❅
Vakti zamanında yok olmam için çırpınan, bir adam değil, mantığıma karşı körleşmiş hislerim olsa gerekti.
❅'Yargılanan Bir Suçlu Ve Tuhaf Yaşantısı'
Masa lambasından yayılan kör ışık süzmesine lanetler eden doyumsuz bir kızdım ben...
Aydınlıktı her yer.
O kadar aydınlıktı ki gözlerimi yumamazdım aslında. Acıyan kirpiklerimi ovuşturur ve söylenirdim. Kalemimi elime alır ve daha önümdeki sayfayla buluşturmadan yüzlerce kez söylenirdim. Ama ne var biliyor musunuz ? Eğer vakti zamanında içinizdeki ufak ışık süzmesi için şükretmeyi bilmezseniz, karanlık ruhunuzu kapladığında hayatınızda hiç olmadığı kadar çok bocalarmışsınız.
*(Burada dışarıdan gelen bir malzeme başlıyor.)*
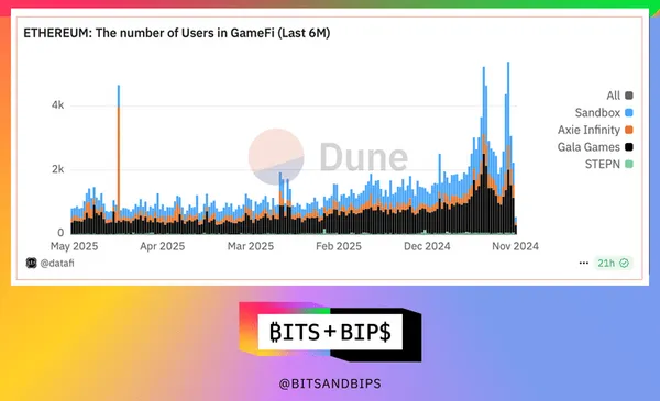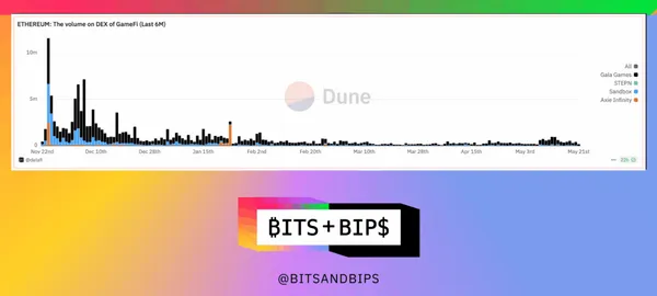 這個問題很難回答。一個可以提供線索的數據點是去中心化交易所(DEX)的 GameFi 代幣交易量。正如下圖所示,僅觀察基於以太坊的代幣,趨勢同樣消極,儘管日交易量仍達數十萬美元。其他區塊鏈如 Polygon 和 BNB 的趨勢也相同。

Çünkü korkarken her zamankinden daha çok kimsesizsiniz.
Geriye baktığınızda arkanızda kimseyi görememek sizin suçunuz olur, ancak düzeltebileceğiniz bir hata değil. Hoş, insan hangi hatasını doğru düzgün düzeltebilir ki ?
İnsan işte...
Kör ve duygu mahmuru.
İçinde olduğumuz anın her bir salisesi beynime vuran kırbaçlı bir işkence gibiydi. Daha fazla gerilimi kaldıramayan benliğim ve tüm vücut hücrelerimle anın zaman çizelgesine karşı koymaya çalışıyordum sanki.
Dakikalar sonra neler olacağını kestiremezken... Erken tanıştığım kimsesizlik yüzüme binlerce kez vurulmuştu. Dakikalar sonra artık olmayabilirdim. Ve arkamdan kimse beni kaybettiği için gerçek anlamda üzülmezdi. Yalnızlık buydu. Ben buna sahiptim.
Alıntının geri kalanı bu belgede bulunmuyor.